Here are some other take-aways from the study:

  1. Don’t auto-play videos — especially not with sound. This eats up tons of your users’ bandwidth, and annoys people.
  2. Make the destination of each of your links as unambiguous as possible. When your users click on a link, they’re trusting you to not waste their time. Don’t jeopardize that trust by deceiving them about where the link goes.
  3. Don’t use fixed banners at the top of your page. Allow your users to scroll past content they don’t want to see any more.
  4. Don’t use “intracontent” ads that appear as the page loads, or as your user scrolls through your content. People hate it when the the paragraph they’re reading gets pushed out of view.
  5. Don’t use animated ads.
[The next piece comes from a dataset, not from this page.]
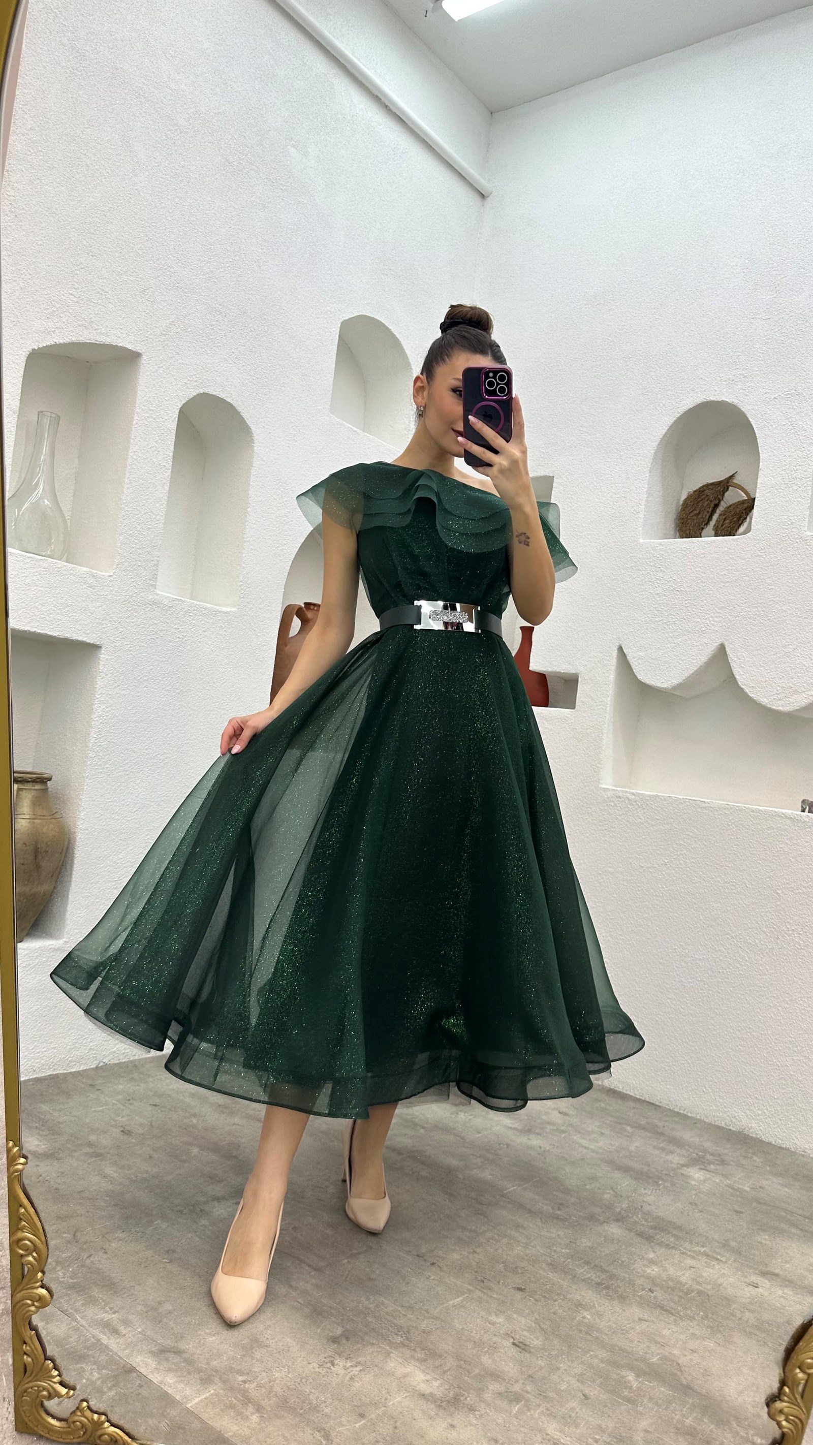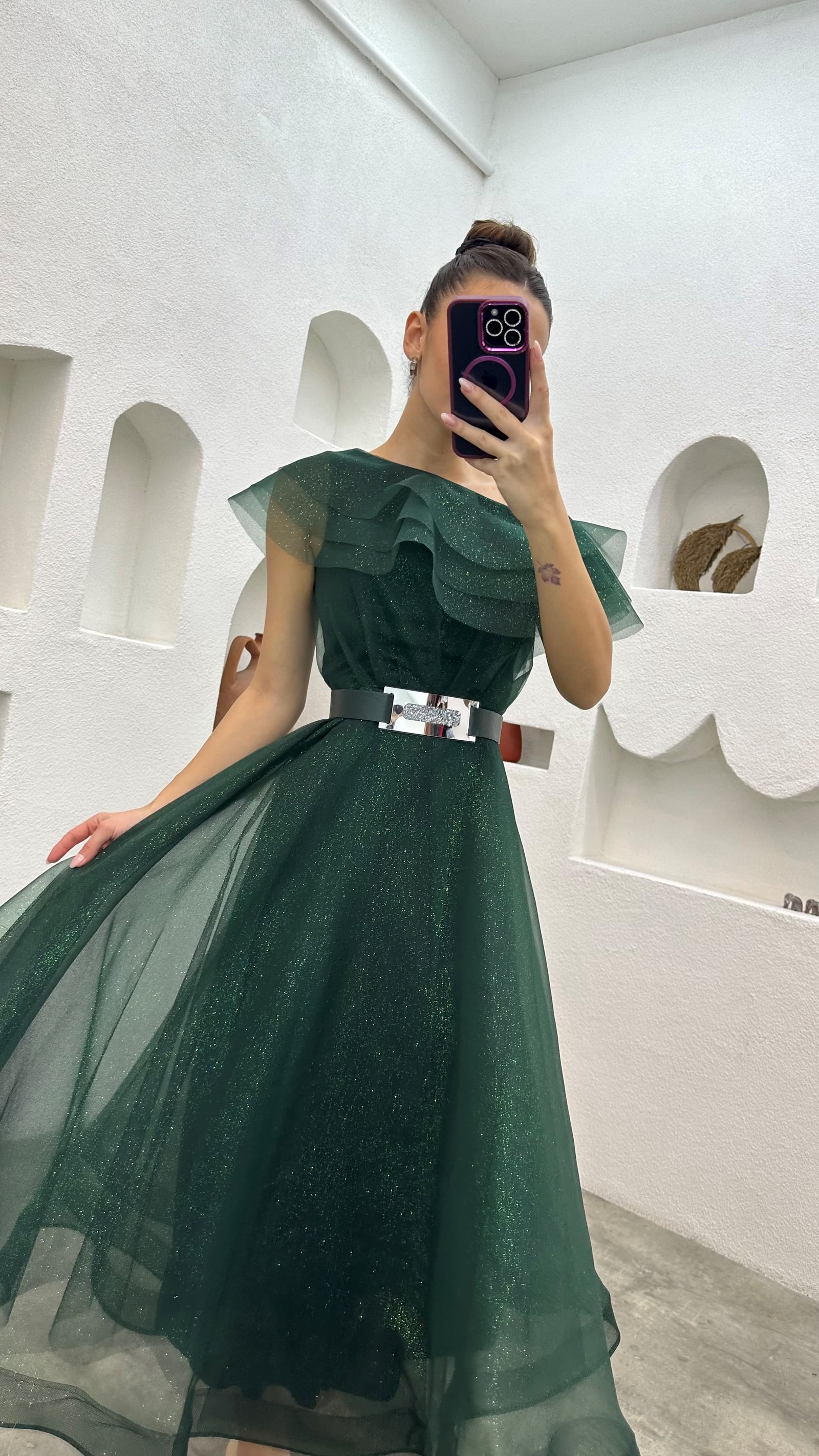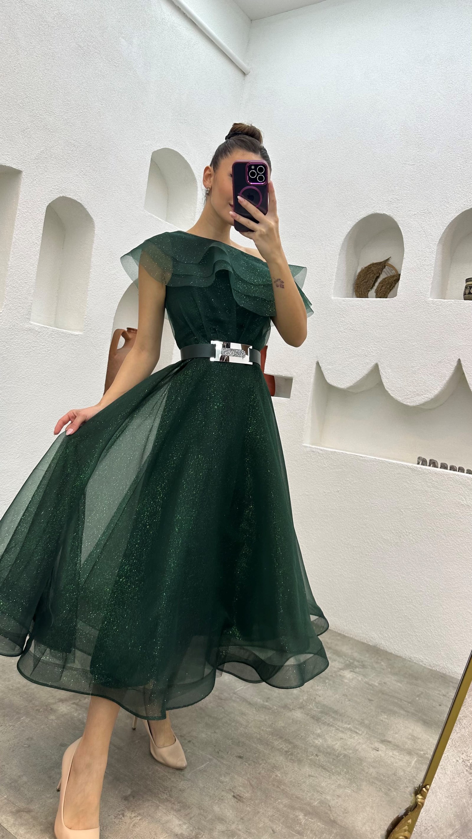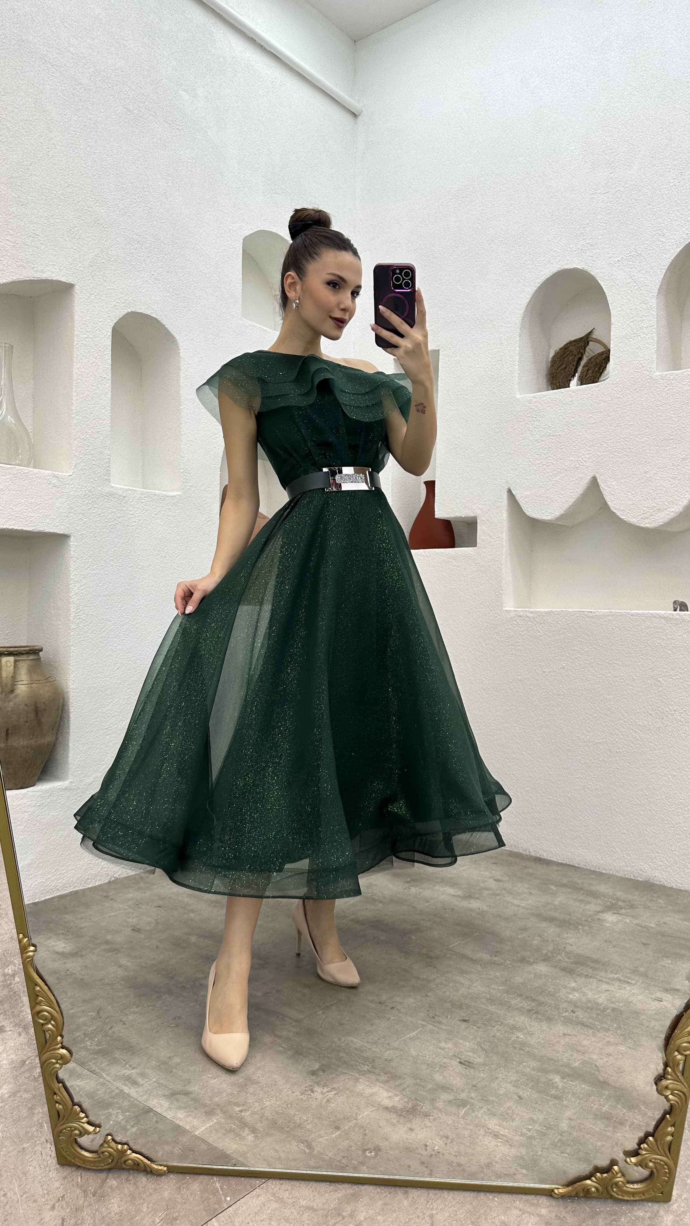 Zümrüt Volanlı Kemerli Midi Boy Tül Abiye Elbise

People hate them.
  6. Any ad type that is annoying on desktop will be even more annoying on mobile, where screen space is more limited, clicking on closing X’s is harder, and you have to scroll to find auto-playing videos and shut them off.

If you must run ads, Nielsen recommends using ads on the right side of your content, or “related links” at the bottom of articles. These are least-likely to offend your users.

And just a friendly reminder — freeCodeCamp is completely ad-free and will stay that way! :)

You can read Nielsen’s full analysis here: (10 minute read)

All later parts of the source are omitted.